# Deere 1986 950 alternator wiring



## Moushey1 (May 22, 2017)

Hello!
I'm new here. I searched this forum along with its uploaded manuals for a wiring diagram for our tractor's alternator and starter. I found some very helpful diagrams! Thank you!!! 
Here's were I need help if anyone is able:
We are trying to re-wire up the alternator (critters chewed on the wiring harness) but are stuck.
Does anyone out there own a 950 John Deere that also doesn't mind taking a photo of the way the alternator and starter are wired up. The wiring diagrams I found on this site are great, but I'd really be helped to see a close up picture of how it's wired.
Or if anyone knows of a different way for me to find the info I need I sure would appreciate any help!
Thanks for taking the time to read this!


----------



## Rock_knocker (Apr 12, 2017)

I forgot my camera. I'll take photos tomorrow


----------



## Moushey1 (May 22, 2017)

Thank you!


----------



## Rock_knocker (Apr 12, 2017)

Hope these help a little



Attachment one is an annointed photograph of the rear of the alternator. In this view, the lowest left hand stud E returns to ground as per the wiring diagram. The molded plug NF runs to the voltage regulator accessed via the panel under the dash. The two large white wires on Lug A run to the center post of the keyed ignition switch, and to the post on the starter where the battery cable hooks up. Since both White Wires A come from the same source, they could attach to each other at different locations from that shown in the photograph, as long as one is hooked to Lug A.
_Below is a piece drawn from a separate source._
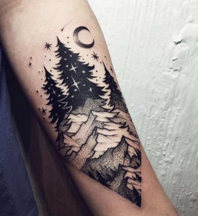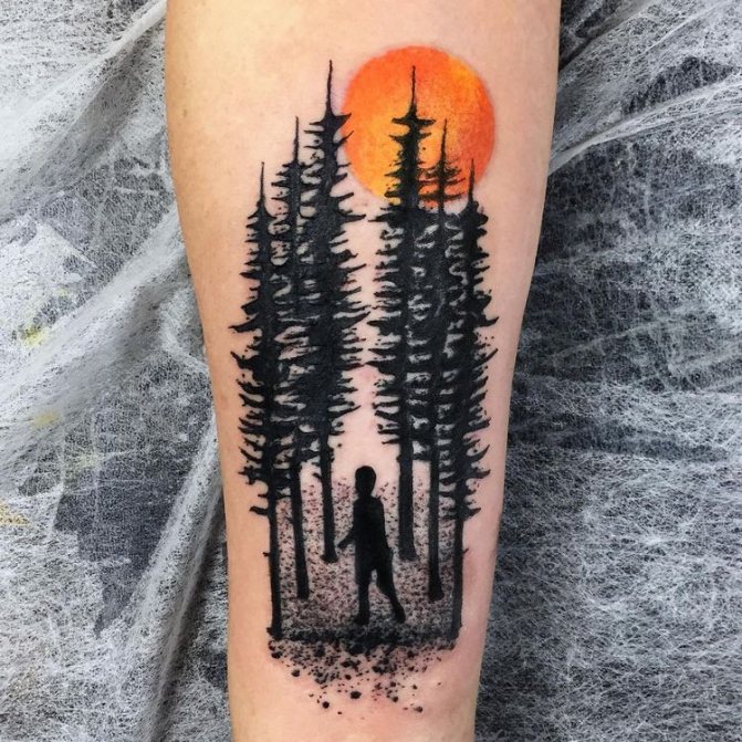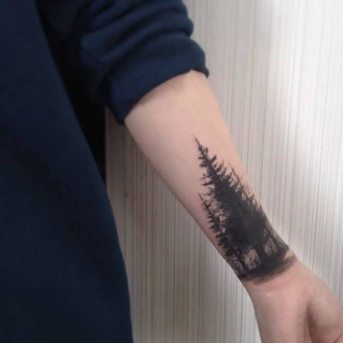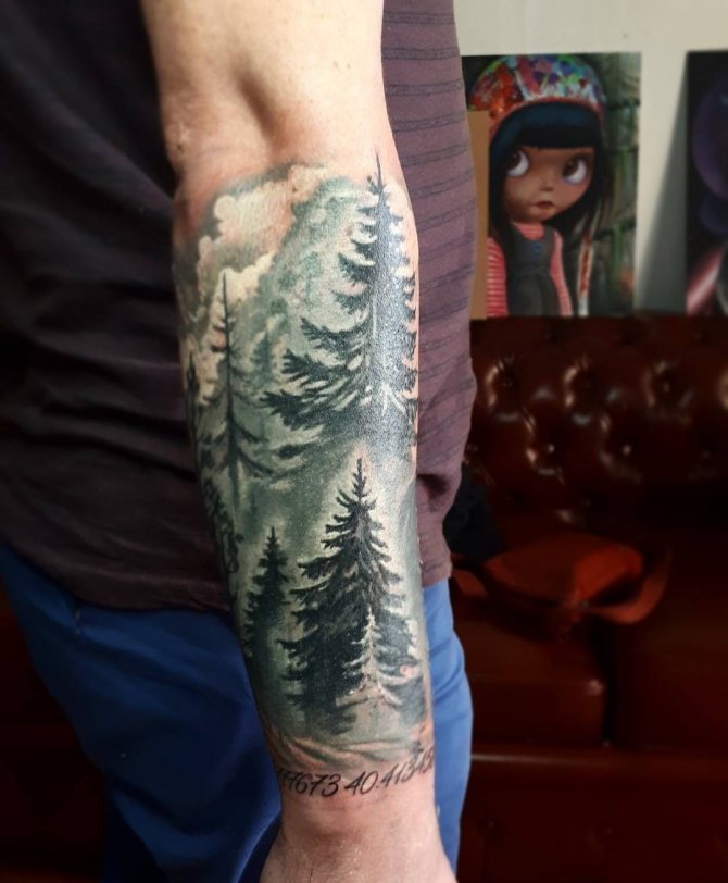 Foresta di conifere - Un indicatore del ricco mondo interiore del proprietario del tatuaggio, un simbolo di eterna giovinezza, la pace. Gli aghi dell'albero fungono da elemento protettivo. Di solito, la foresta sceglie una personalità calma, non conflittuale, che è sempre in grado di proteggersi.

The labeling referenced above are from the wiring diagram (Attachment 3)

Attachment two shows the starter, with the large red cable from the battery and one White Wire A attaching on the same lug. This allows the battery to be charged thru A.
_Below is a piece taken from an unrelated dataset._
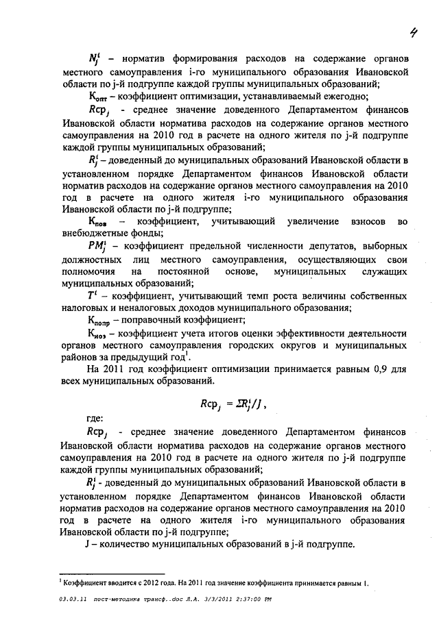 Постановление Правительства Ивановской области от 15.03.2011 N 65-п "Об утверждении методики расчета нормативов формирования расходов на содержание органов местного самоуправления муниципальных образований Ивановской области" (вместе с "Методикой расчета нормативов формирования расходов на содержание органов местного самоуправления муниципальных образований Ивановской области, в бюджетах которых доля межбюджетных трансфертов из других бюджетов бюджетной системы Российской Федерации (за исключением субвенций, а также предоставляемых муниципальным образованиям за счет средств Инвестиционного фонда Российской Федерации субсидий и межбюджетных трансфертов на осуществление части полномочий по решению вопросов местного значения в соответствии с заключенными соглашениями) и (или) налоговых доходов по дополнительным нормативам отчислений в течение двух из трех последних отчетных финансовых лет превышала 10 процентов собственных доходов местного бюджета")

It should be noted that a common ailment these tractors show is old and corroded conductors and connectors failing to carry enough current and/or voltage to slam the starter solenoid shut. The common fix is a relay feeding the solenoid from the starter batt lug and controlled by the existing ignition wire. I have not needed to do this.


----------



## Moushey1 (May 22, 2017)

Thanks so much for helping us out with our wiring problem! I sure do appreciate your time! Now, let's see if we can get it to work.


----------



## Moushey1 (May 22, 2017)

Thank you again Rock_knocker!
The "repair brigade" (dad and hubby) would love a shot that includes both the alternator and the starter in the same picture. Their main question is 'how are they connected or wired to each other?' They think a photo of that section of your engine might answer their questions.
If you don't have time we totally understand, we are thankful for the photos and explanations you've already taken the time to post!


----------



## Rock_knocker (Apr 12, 2017)

Moushey1 said:


> Thank you again Rock_knocker!
> The "repair brigade" (dad and hubby) would love a shot that includes both the alternator and the starter in the same picture. Their main question is 'how are they connected or wired to each other?' They think a photo of that section of your engine might answer their questions.
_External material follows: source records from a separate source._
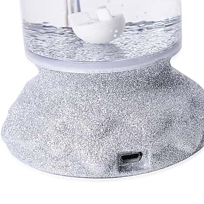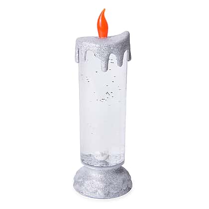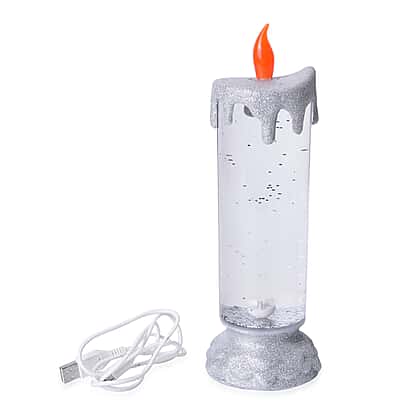 Moving Sprinkle Pattern LED Glitter Flameless Candle with USB and In built Agitator in Silver ColourSize 8.5x8.5x25.5 Cm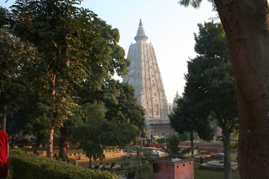 (写真4枚挿入: 菩提樹、大菩提寺本堂、周辺の僧侶、遠景)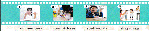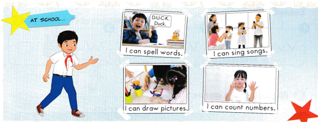 Cách chơi: Một bạn sẽ dùng hành đông để diễn tả. Các bạn khác sẽ đoán và dùng mẫu câu “I can…”, ví dụ “I can spell words.” (Tôi có thể đánh vần từ.), hoặc “I can count numbers” (Tôi có thể đếm số.). Nếu người chơi đoán đúng thì người diễn tả nói “Yes”, nếu sai thì nói “No”.

I actually would have thought that my annointed photograph and explanation would have done it, as would the supplied wiring diagram. Never the less, while it is impossible to get a clear photo of both because of the FEL and other junk, I hope this crude composite does the job.

Again, the wires from the large lug "A" go to two places:
1) The center location of the ignition switch, and
2) The lug for the battery cable on the starter


----------



## Rock_knocker (Apr 12, 2017)

The red battery cable is merely routed near the alternator, it is not connected to the alternator except thru white wire A at the starter lug


----------



## Moushey1 (May 22, 2017)

So many thanks, Rock_knocker!!! You have been a huge help!
As the guys went through all of the wiring diagrams and your very helpful pictures and explanations, they still couldn't figure out what they were missing. Then, upon deeper investigation, they realized that the battery was put in backwards...this could be causing the problem they agreed (and so did the alternator repair shop guy). Then they scratched their heads and said, "how did this happen?" 
So the repair brigade will put back in the freshly re-repaired alternator, again. This time however the battery cables will be hooked up right, so it should work. I will give an update when they complete their tinkering today.


----------



## Rock_knocker (Apr 12, 2017)

If they killed the voltage regulator, Hoye sells them on line, and I'm sure the dealer on Bickford could get one, although it would be pricier.


----------



## lt950 (Mar 29, 2020)

John Deere 950 not charging. Found yellow wire from voltage regulator had been cut at ignition switch by po. Could this prevent charging?


----------



## Dimondaigle (Dec 15, 2020)

Can someone tell me where this red wire that is loose hook up to on a John Deere 850 tractor


----------